◆ Work task: Leaving out pictures, output exactly the lines below from the one that has "Langer Pyjama aus" through the one that has "Saleiro oitavado porcelana", and nothing else.

◆ Extracted material:

╔══

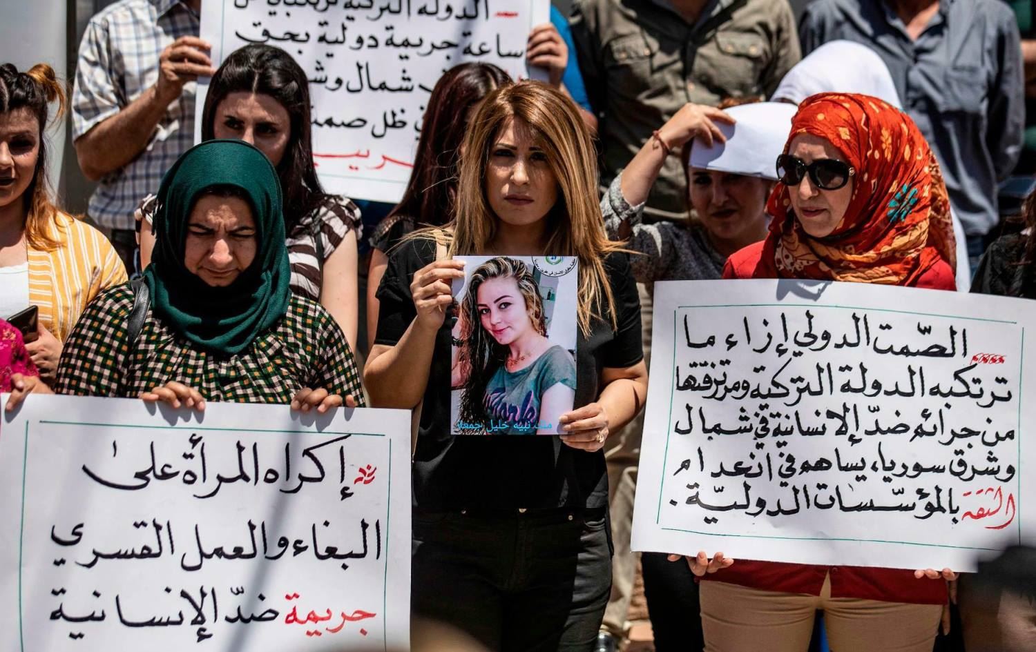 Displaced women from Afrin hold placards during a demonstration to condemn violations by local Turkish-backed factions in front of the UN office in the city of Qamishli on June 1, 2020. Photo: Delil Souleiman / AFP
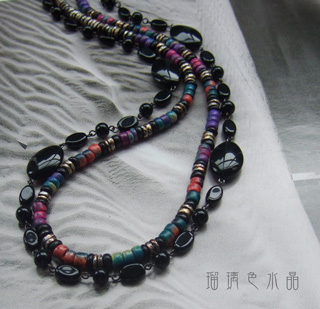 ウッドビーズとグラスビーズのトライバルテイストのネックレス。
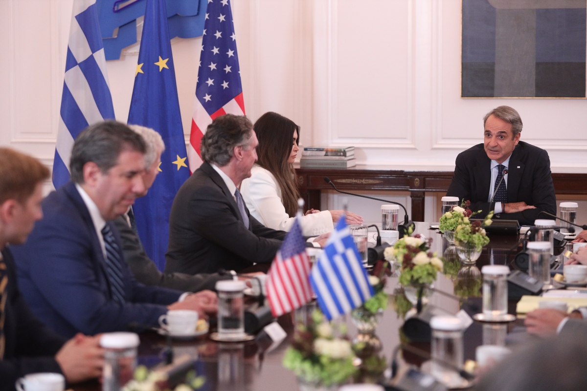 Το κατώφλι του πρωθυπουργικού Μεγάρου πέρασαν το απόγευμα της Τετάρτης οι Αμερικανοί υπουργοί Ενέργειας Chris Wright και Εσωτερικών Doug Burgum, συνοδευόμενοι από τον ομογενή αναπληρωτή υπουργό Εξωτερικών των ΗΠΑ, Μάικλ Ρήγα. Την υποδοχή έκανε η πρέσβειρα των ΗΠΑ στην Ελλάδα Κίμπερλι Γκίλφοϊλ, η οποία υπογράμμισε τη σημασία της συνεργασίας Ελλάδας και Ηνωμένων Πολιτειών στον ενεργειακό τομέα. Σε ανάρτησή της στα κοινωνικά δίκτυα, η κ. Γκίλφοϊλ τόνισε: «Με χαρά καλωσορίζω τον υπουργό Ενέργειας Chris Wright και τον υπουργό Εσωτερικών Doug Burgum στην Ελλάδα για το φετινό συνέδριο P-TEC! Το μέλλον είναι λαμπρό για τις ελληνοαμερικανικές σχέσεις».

╚══
╔══

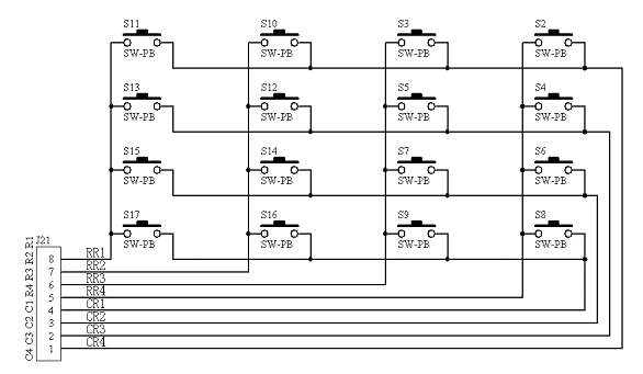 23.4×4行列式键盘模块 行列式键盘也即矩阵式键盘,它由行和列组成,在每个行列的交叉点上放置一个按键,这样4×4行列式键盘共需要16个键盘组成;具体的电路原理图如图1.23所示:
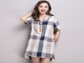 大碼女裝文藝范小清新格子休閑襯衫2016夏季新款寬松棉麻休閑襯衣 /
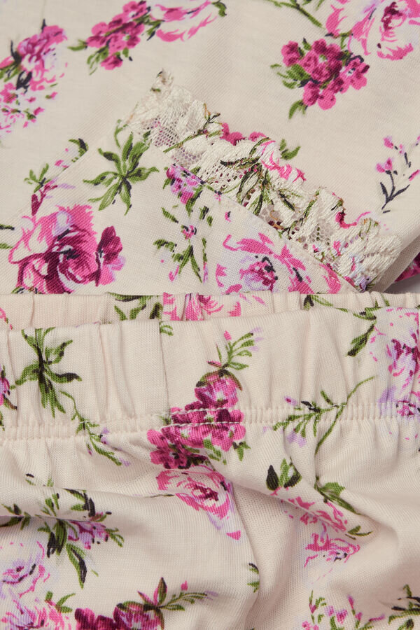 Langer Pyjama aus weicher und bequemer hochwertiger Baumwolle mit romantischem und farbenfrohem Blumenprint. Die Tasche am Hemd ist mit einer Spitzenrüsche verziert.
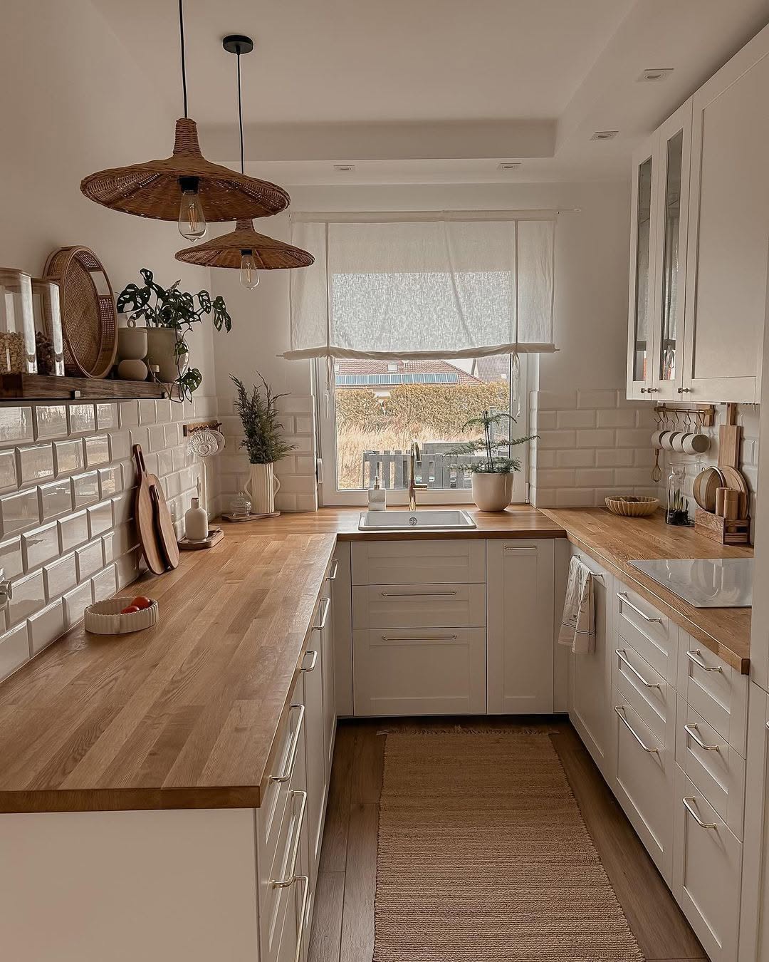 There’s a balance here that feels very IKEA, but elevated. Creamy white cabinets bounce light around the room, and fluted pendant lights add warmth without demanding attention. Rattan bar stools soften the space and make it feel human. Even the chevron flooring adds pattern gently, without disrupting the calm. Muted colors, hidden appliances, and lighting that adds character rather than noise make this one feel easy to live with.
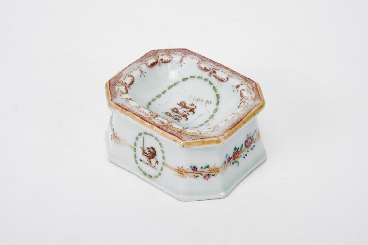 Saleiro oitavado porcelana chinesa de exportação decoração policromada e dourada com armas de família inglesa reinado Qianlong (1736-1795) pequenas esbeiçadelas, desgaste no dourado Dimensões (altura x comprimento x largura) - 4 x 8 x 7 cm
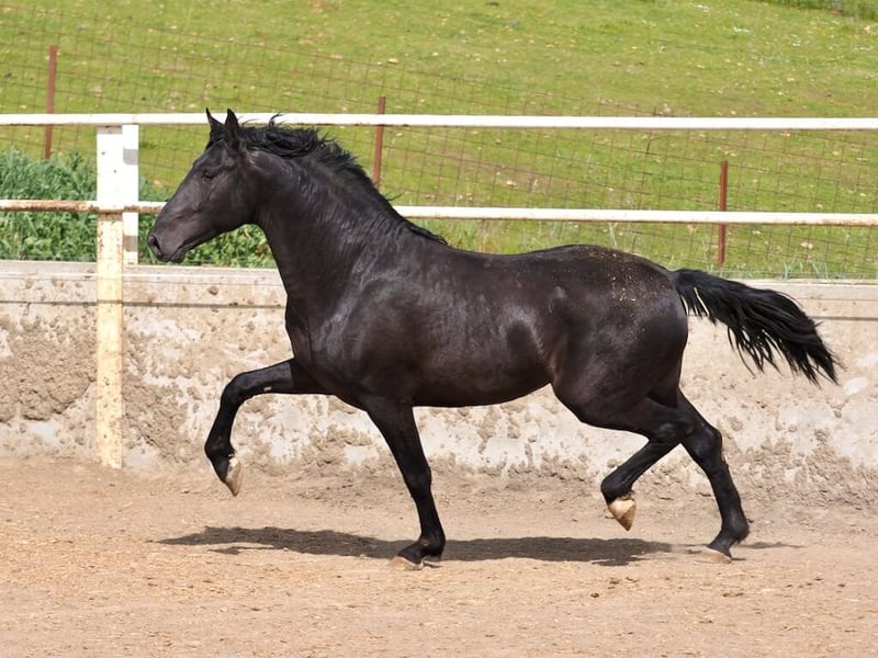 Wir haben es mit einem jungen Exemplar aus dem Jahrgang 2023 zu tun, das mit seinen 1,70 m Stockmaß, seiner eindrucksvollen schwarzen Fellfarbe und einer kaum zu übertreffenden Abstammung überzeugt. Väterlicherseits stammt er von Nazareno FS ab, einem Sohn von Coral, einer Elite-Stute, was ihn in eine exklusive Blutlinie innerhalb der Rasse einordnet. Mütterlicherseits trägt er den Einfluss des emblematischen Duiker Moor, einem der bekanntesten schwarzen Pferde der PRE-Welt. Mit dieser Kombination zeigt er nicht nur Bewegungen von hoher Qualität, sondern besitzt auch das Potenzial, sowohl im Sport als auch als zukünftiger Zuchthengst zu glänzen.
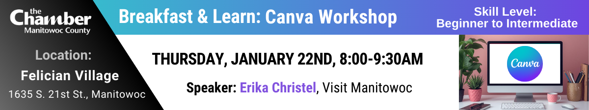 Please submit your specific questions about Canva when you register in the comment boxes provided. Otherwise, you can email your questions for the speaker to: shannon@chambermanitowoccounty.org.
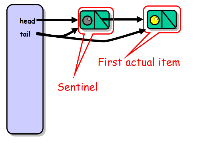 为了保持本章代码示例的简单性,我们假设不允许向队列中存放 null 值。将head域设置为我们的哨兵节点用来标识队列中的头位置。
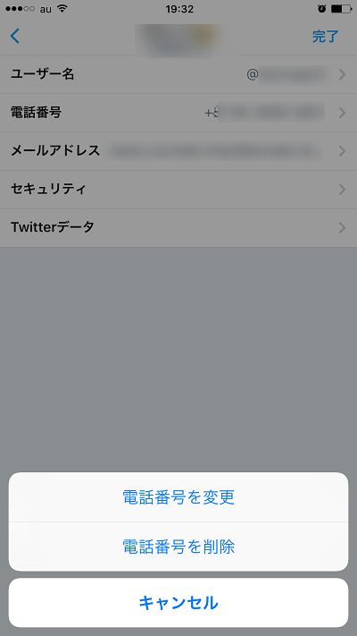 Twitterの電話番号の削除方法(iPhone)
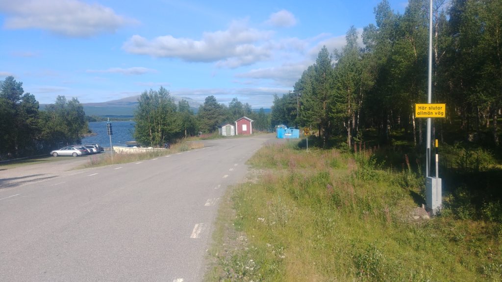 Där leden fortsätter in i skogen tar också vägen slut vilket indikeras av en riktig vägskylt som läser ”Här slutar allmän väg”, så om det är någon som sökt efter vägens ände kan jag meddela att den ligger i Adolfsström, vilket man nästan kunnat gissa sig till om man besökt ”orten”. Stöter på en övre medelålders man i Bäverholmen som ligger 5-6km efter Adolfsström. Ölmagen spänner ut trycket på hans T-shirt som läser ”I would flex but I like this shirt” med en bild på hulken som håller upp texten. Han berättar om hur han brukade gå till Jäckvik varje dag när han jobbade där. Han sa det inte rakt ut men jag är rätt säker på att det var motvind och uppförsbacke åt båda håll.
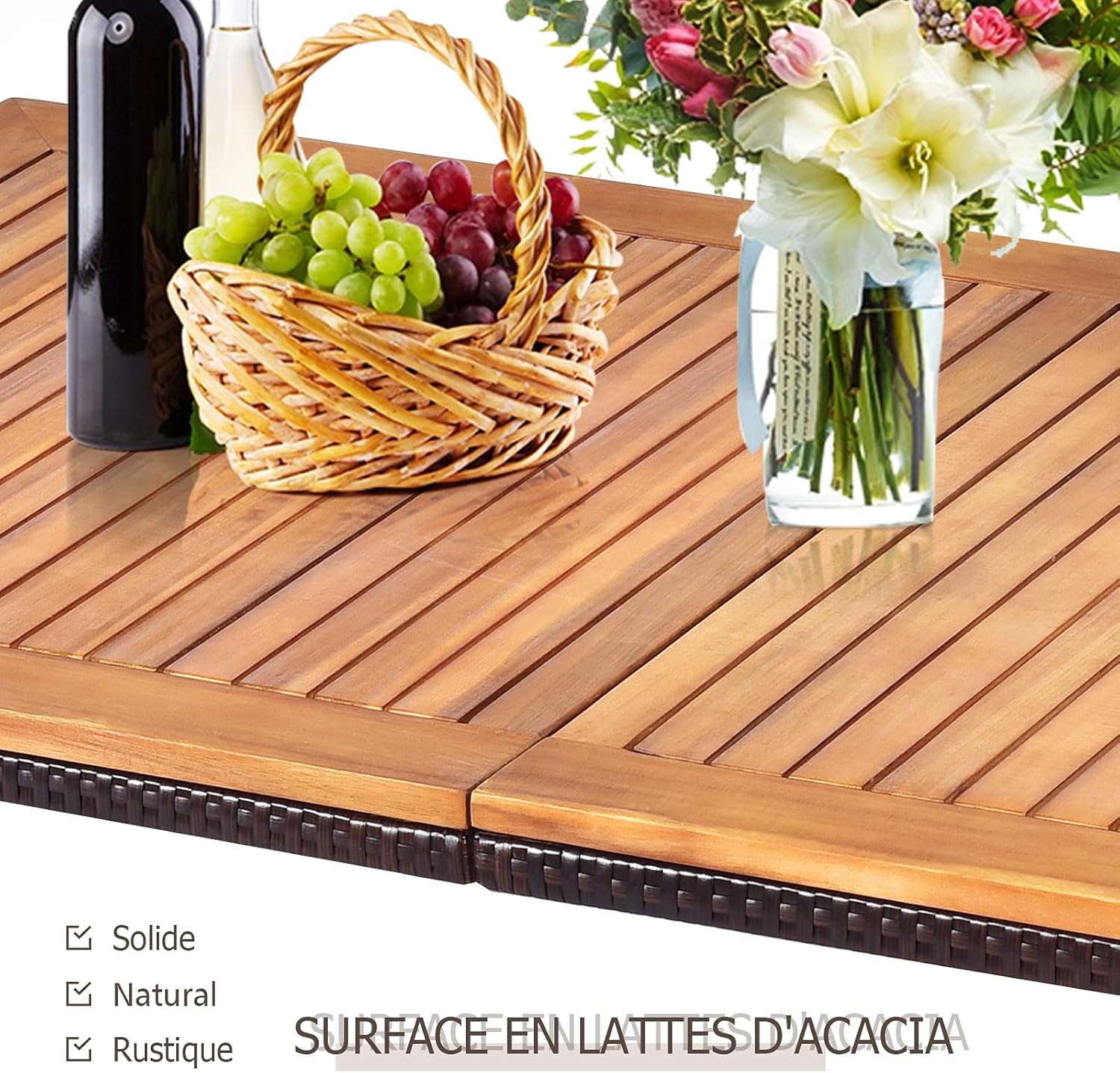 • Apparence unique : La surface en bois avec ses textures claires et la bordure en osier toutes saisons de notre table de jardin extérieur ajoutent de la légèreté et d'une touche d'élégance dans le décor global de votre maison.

╚══

◆ Task result:
 Langer Pyjama aus weicher und bequemer hochwertiger Baumwolle mit romantischem und farbenfrohem Blumenprint. Die Tasche am Hemd ist mit einer Spitzenrüsche verziert.
 There’s a balance here that feels very IKEA, but elevated. Creamy white cabinets bounce light around the room, and fluted pendant lights add warmth without demanding attention. Rattan bar stools soften the space and make it feel human. Even the chevron flooring adds pattern gently, without disrupting the calm. Muted colors, hidden appliances, and lighting that adds character rather than noise make this one feel easy to live with.
 Saleiro oitavado porcelana chinesa de exportação decoração policromada e dourada com armas de família inglesa reinado Qianlong (1736-1795) pequenas esbeiçadelas, desgaste no dourado Dimensões (altura x comprimento x largura) - 4 x 8 x 7 cm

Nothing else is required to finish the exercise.